His taste for the high conceptions of the speculative sciences, as blended with that which the "amor patriæ" naturally inspires for objects immediately useful to society, had led him to turn his thoughts towards perfecting the arts conversant in weaving, by indicating a manner of noting the points through which are to pass the threads intended to form the lines which terminate the surface of different regular bodies: accordingly, a great part of the above memoir is taken up with this subject.
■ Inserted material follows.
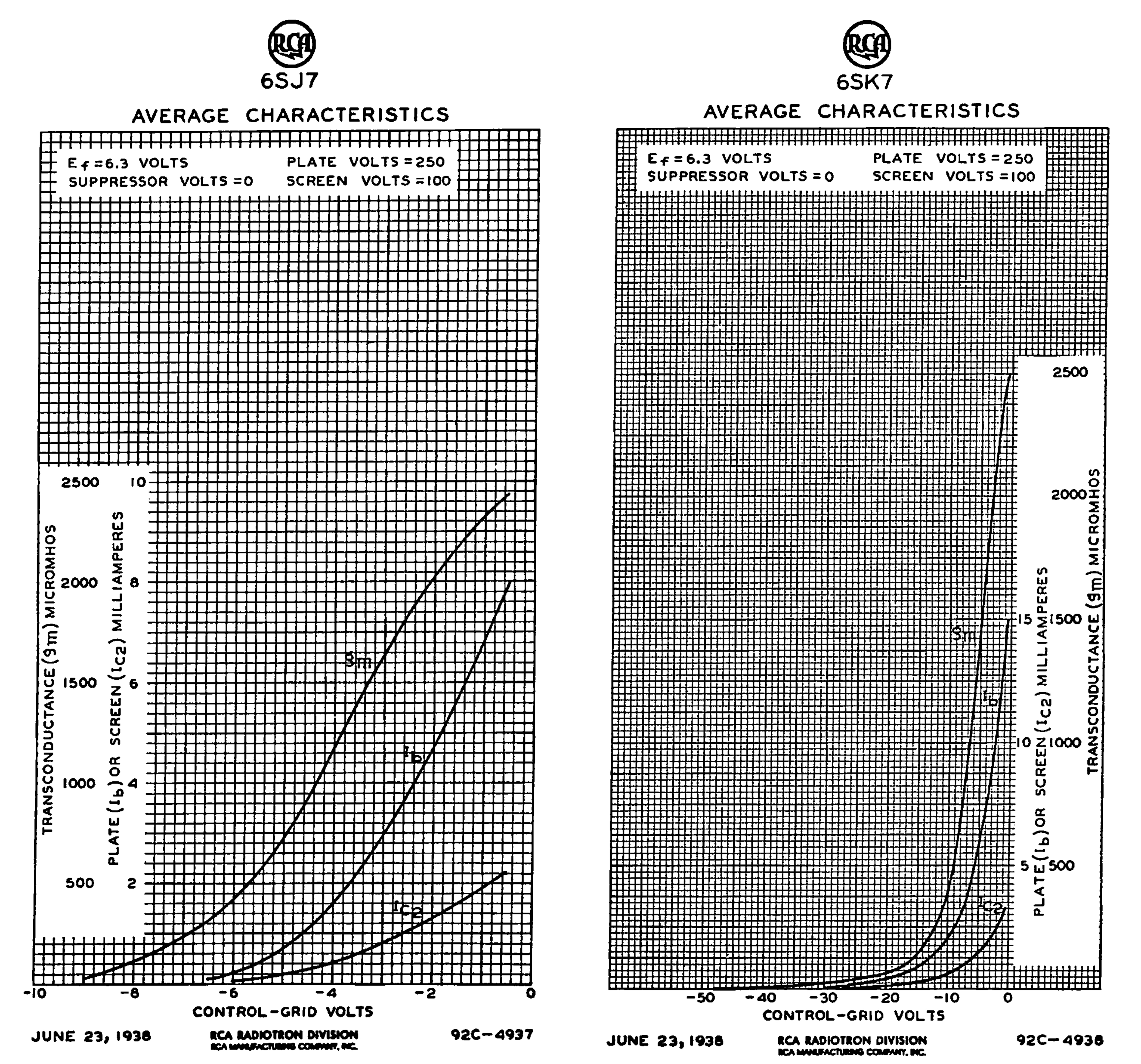 The difference between a conventional tube and a control tube can be seen in Figure 4. In the 6SJ7 tube, the current cuts off at a grid bias voltage about five times smaller than in the 6SK7 tube. The characteristic curve of the control tube is very nonlinear, and therefore is not suitable for an audio-frequency amplifier. In radio receivers, the grid bias voltage is changed according to the radio station being received, and the nonlinearity is beneficial, because the transconductance changes along the entire curve, and the current does not cut off. At radio frequencies, the distortion caused by nonlinearity is insignificant, because the tube's load is a tank circuit. However, if remote-cutoff tubes are used as audio amplifiers, then the push-pull circuit operates linearly.

In the year following (1772) he printed a third memoir; in which he traced out a new path for geometers, discovering by learned analytical researches, irrational quantities of a new species, shewing the sequels of which these irrationals are the terms or the sum, and pointing out a direct and general method of making in them all the possible reductions. In the same year appeared his work on the "Elimination of unknown quantities in Algebra," or the art of bringing back those equations which include many unknown quantities, to equations which contain only one. In 1778 he presented, in one of the public sittings of the academy, a new system of harmony, which he detailed more fully in another public sitting of 1780. This system obtained the approbation of the three great musicians of his time, Gluck, Philidor, and Piccini.

With these labours, intermingled with frequent researches on the mechanic arts, as well as on objects of political œconomy, the attention of Vandermonde was taken up, until 1789, the period of the revolution, when he became so decided an enemy to every thing established, that he concurred even in the abolition of the Royal Academy, and associated himself with Robespierre, Marat, and the rest of that party who covered France with ruins, with scaffolds, and blood. This part of Vandermonde's history is suppressed by his eulogist La Cepede, because discussions. on political topics ought not, in his opinion, to be admitted into the sanctuary of the sciences. In that sanctuary, however, Vandermonde did not long remain. He died of a rapid decline brought on by a disorder of the lungs, Jan.1, 1796.'

1 Dr. Gleig's Suppl. to the Encycl. Britannica, from La Cepede's Eloge.